When the formulation according to one aspect of the present invention is a solution or emulsion, a solvent, solvating agent or emulsifying agent is used as the carrier component, such as water, ethanol, isopropanol, ethyl carbonate, ethyl acetate, benzyl alcohol, benzyl benzoate, Fatty acid esters of propylene glycol, 1,3-butylglycol oil, glycerol aliphatic esters, polyethylene glycols or sorbitan.

When the formulation according to one aspect of the invention is a suspension, the carrier component is water, a liquid diluent such as ethanol or propylene glycol, a suspending agent such as ethoxylated isostearyl alcohol, polyoxyethylene sorbitol ester and polyoxyethylene sorbitan ester. , Microcrystalline cellulose, aluminum metahydroxy, bentonite, agar or tracant and the like can be used.

When the dosage form according to one aspect of the present invention is a surfactant-containing cleansing agent, as a carrier component, an aliphatic alcohol sulfate, an aliphatic alcohol ether sulfate, a sulfosuccinic acid monoester, isethionate, an imidazolinium derivative, methyltaurate, and sarcosy Nates, fatty acid amide ether sulfates, alkylamidobetaines, aliphatic alcohols, fatty acid glycerides, fatty acid diethanolamides, vegetable oils, linolin derivatives or ethoxylated glycerol fatty acid esters and the like can be used.

According to another aspect of the invention, the composition may be a composition for skin whitening which is a food or health food composition.

The food or health food composition may be in a liquid or solid dosage form, for example, various foods, beverages, gums, teas, vitamin complexes, health functional foods, health supplements, and the like, powders, granules, tablets, It can be used in the form of a capsule or a beverage. In addition to the active ingredient, the food composition of each formulation may be appropriately selected and blended by those skilled in the art according to the formulation or purpose of use, in addition to the active ingredient, and synergistic effects may occur when applied simultaneously with other raw materials.

There is no particular limitation on the liquid component that can be contained in addition to the active ingredient disclosed herein, and may include various flavors or natural carbohydrates as additional ingredients, such as ordinary drinks. Examples of the natural carbohydrates include conventional sugars such as disaccharides such as monosaccharides, glucose and fructose, polysaccharides such as maltose and sucrose, dextrins and cyclodextrins, and sugar alcohols such as xylitol, sorbitol and erythritol. Etc. As the flavoring agent, natural flavoring agents (tauumatin, stevia extract (for example, rebaudioside A, glycyrrhizin, etc.) and synthetic flavoring agents (for example, saccharin, aspartame, etc.) can be advantageously used. The proportion of natural carbohydrates may generally be about 1-20 g, in one aspect about 5-12 g, per 100 ml of the composition disclosed herein.
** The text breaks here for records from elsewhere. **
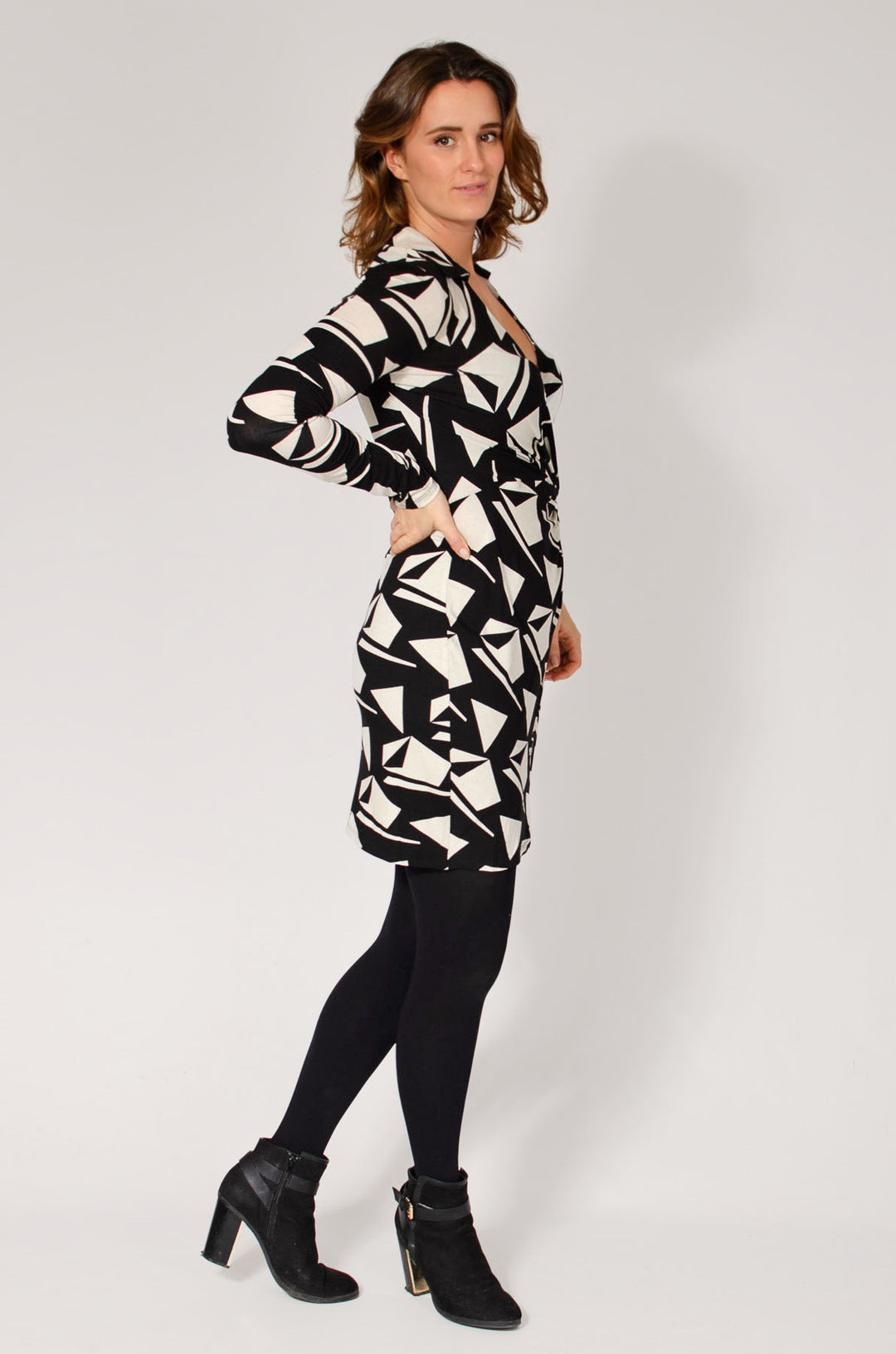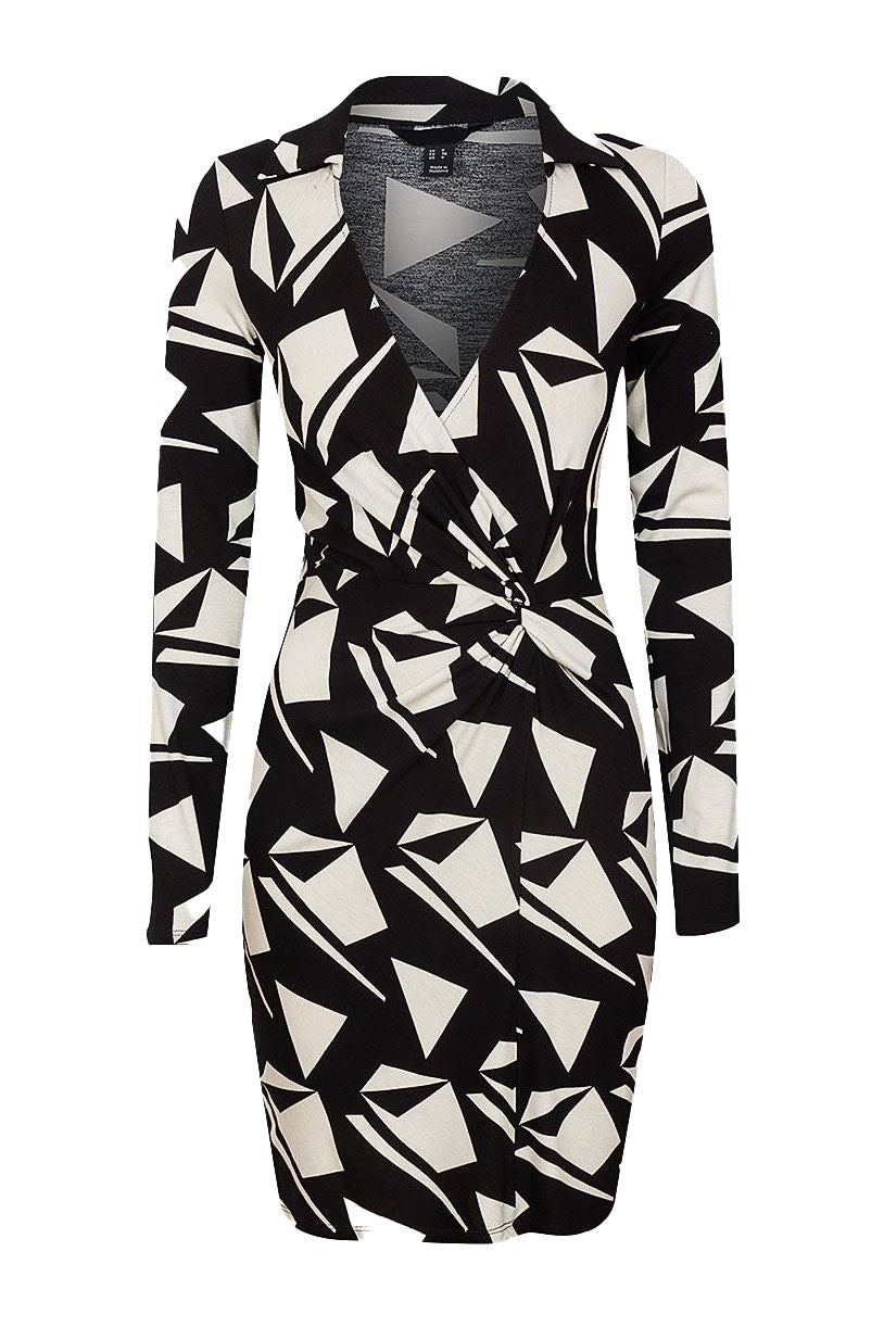 80's retro geometric print which is having an absolute moment, this dress is a stylish piece. Super soft & flattering stretch fit mini dress with a wrap style and knot waist for a cinching silouette. Perfect with tights and heels for the office or evening, or pair with chunky boots for a more casual look.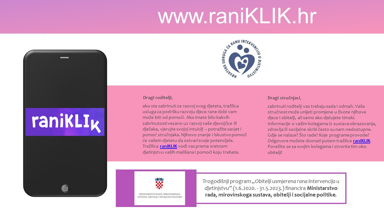 HURID-ova tražilica raniKLIK.hr ima dva cilja: . skratiti roditeljska lutanja; . potaknuti umrežavanje i suradnju stručnjaka. Uključite se i vi! raniKLIK (pdf) Pročitajte više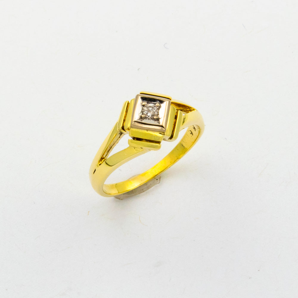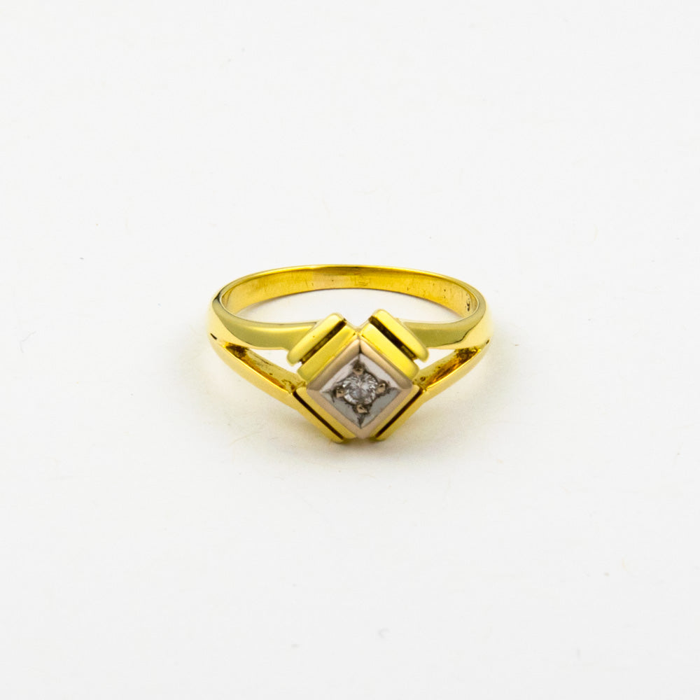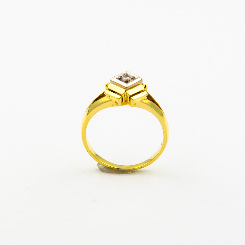 Bei dem Schmuckstück handelt es sich um einen Ring aus 585 Gelb- und Weißgold mit einem Brillanten von ca. 0,04 ct in der Qualität Weiß mit kleinen Einschlüssen (W/si).

In one aspect, the food composition may contain various nutrients, vitamins, minerals (electrolytes), synthetic flavors and natural flavors, flavoring agents such as coloring and neutralizing agents (such as cheese, chocolate), pectic acid and salts thereof, alginic acid and salts thereof. , Organic acids, protective colloidal thickeners, pH adjusters, stabilizers, preservatives, glycerin, alcohols, carbonation agents used in carbonated drinks and the like. In another aspect it may include a pulp for the production of natural fruit juices and vegetable drinks. The components can be used independently or in combination. The ratio of the additive may vary, but is generally selected from 0.001 to about 20 parts by weight per 100 parts by weight of the composition disclosed herein.

Hereinafter, the configuration and effects of one aspect of the present invention will be described in more detail with reference to Examples and Experimental Examples. However, the examples below are provided for the purpose of illustration only to help the understanding of the present invention, and the scope and scope of the present invention are not limited thereto.

Example 1

Cell and skin model preparation

Melan-A, a melanogenesis cell derived from C57BL / 6 J (black, a / a) mice, obtained from normal human epidermal melanocytes (NHEMs, Cascade Biologics, Portland, OR, USA) -A) Cell lines were obtained from Dr. Dorothy C. Bennett (St. George's Hospital Medical School, London, UK). B16F1 mouse melanoma cell line was obtained from ATCC (Manassas, VA, USA).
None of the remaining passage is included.